WHAT THE TASK REQUIRES – Go to the line below that has "نشر الفنان شريف", print it and each line after it exactly, and stop after the line that has "Сырая макароны на деревянном фоне"; leave out pictures.
***** DATA SUPPLIED *****
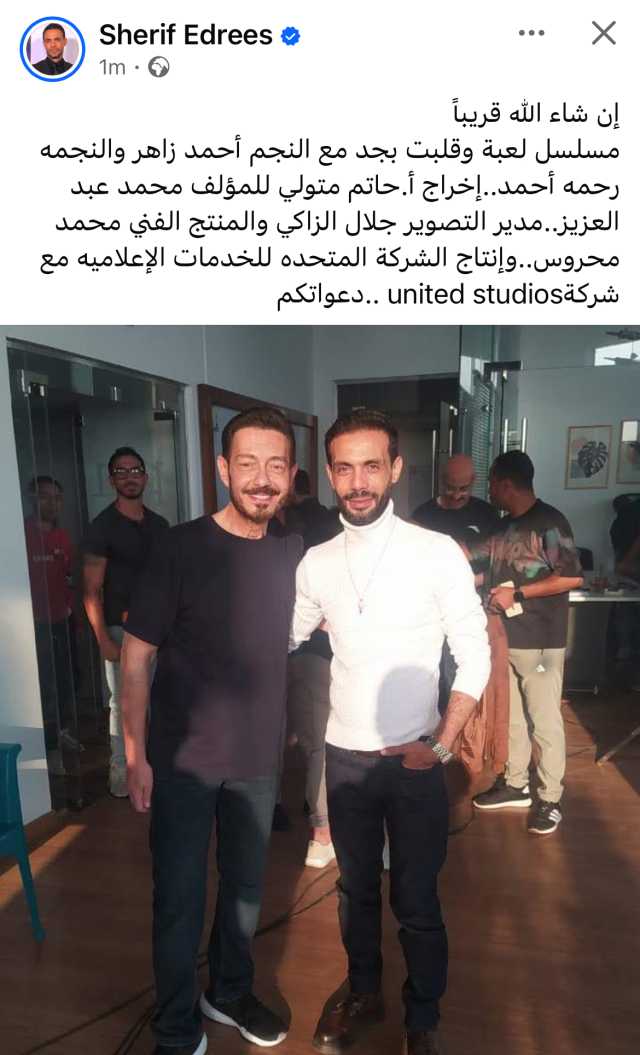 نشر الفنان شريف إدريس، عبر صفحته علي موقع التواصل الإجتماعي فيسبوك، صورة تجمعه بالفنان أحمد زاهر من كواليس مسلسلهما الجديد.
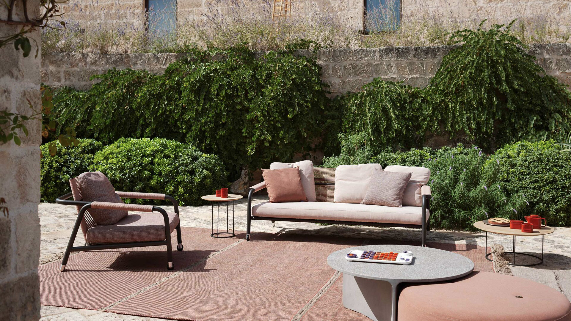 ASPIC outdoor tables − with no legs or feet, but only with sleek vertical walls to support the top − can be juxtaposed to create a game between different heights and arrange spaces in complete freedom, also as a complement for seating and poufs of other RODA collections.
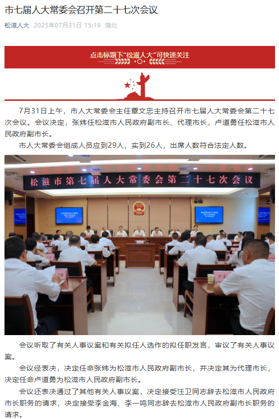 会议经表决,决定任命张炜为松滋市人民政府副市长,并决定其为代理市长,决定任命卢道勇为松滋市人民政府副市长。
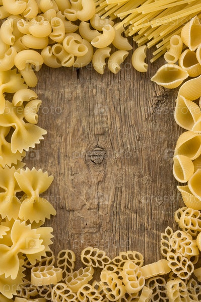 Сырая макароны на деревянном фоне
*****
***** DATA SUPPLIED *****
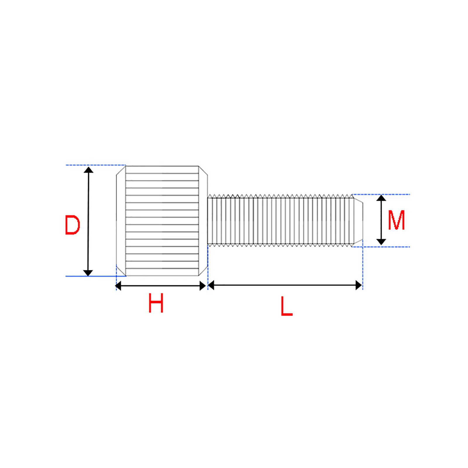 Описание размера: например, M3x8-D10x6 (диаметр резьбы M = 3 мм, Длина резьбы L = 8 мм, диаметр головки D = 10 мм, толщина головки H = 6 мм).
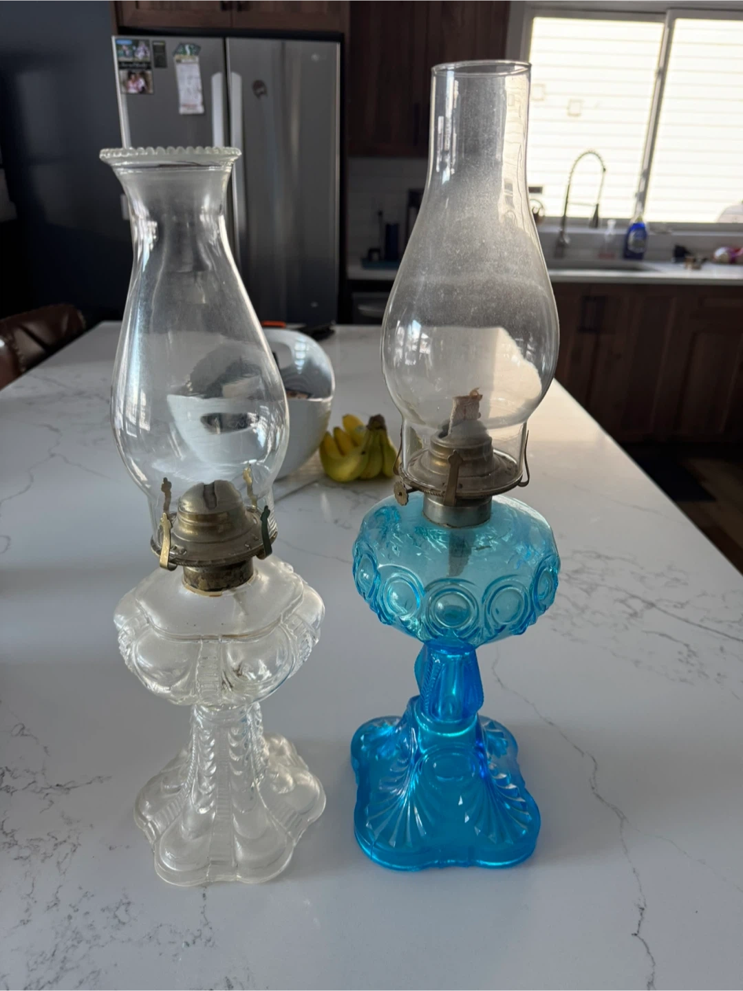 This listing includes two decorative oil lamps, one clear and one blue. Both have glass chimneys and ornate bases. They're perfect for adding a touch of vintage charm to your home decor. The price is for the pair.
*****
***** DATA SUPPLIED *****
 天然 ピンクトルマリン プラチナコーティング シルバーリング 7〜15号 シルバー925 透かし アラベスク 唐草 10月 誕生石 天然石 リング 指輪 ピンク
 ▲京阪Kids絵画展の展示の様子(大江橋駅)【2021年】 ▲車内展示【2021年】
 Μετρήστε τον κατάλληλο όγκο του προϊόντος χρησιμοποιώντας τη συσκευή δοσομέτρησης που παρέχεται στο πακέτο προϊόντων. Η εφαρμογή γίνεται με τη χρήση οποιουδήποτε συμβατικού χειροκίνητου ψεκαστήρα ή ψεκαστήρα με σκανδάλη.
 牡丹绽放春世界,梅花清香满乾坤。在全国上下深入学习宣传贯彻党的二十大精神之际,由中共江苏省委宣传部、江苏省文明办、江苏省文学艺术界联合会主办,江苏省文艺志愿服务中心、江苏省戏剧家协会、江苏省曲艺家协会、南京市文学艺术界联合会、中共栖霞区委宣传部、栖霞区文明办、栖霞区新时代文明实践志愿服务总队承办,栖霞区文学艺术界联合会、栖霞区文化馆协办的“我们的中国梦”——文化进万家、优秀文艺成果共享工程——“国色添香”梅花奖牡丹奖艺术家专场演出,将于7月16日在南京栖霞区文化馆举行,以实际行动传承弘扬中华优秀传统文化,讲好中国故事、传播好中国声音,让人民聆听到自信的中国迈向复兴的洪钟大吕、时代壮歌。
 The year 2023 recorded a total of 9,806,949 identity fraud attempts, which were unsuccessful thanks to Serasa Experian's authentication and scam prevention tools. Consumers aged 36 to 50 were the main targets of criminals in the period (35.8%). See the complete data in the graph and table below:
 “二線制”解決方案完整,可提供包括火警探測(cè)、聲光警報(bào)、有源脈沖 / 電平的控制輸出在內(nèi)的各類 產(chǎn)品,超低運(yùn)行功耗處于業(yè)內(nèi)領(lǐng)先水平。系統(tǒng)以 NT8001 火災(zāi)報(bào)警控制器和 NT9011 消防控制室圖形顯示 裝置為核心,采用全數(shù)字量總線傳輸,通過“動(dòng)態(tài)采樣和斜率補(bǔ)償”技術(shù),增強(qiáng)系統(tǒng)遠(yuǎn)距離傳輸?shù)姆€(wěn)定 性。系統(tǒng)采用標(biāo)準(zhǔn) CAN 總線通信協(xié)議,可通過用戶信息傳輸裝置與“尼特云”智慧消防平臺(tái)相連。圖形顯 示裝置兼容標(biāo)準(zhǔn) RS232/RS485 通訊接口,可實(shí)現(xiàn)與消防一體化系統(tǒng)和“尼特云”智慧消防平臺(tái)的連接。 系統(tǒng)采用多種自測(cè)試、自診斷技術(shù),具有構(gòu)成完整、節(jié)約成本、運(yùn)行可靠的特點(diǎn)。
*****
RESPONSE –
 نشر الفنان شريف إدريس، عبر صفحته علي موقع التواصل الإجتماعي فيسبوك، صورة تجمعه بالفنان أحمد زاهر من كواليس مسلسلهما الجديد.
 ASPIC outdoor tables − with no legs or feet, but only with sleek vertical walls to support the top − can be juxtaposed to create a game between different heights and arrange spaces in complete freedom, also as a complement for seating and poufs of other RODA collections.
 会议经表决,决定任命张炜为松滋市人民政府副市长,并决定其为代理市长,决定任命卢道勇为松滋市人民政府副市长。
 Сырая макароны на деревянном фоне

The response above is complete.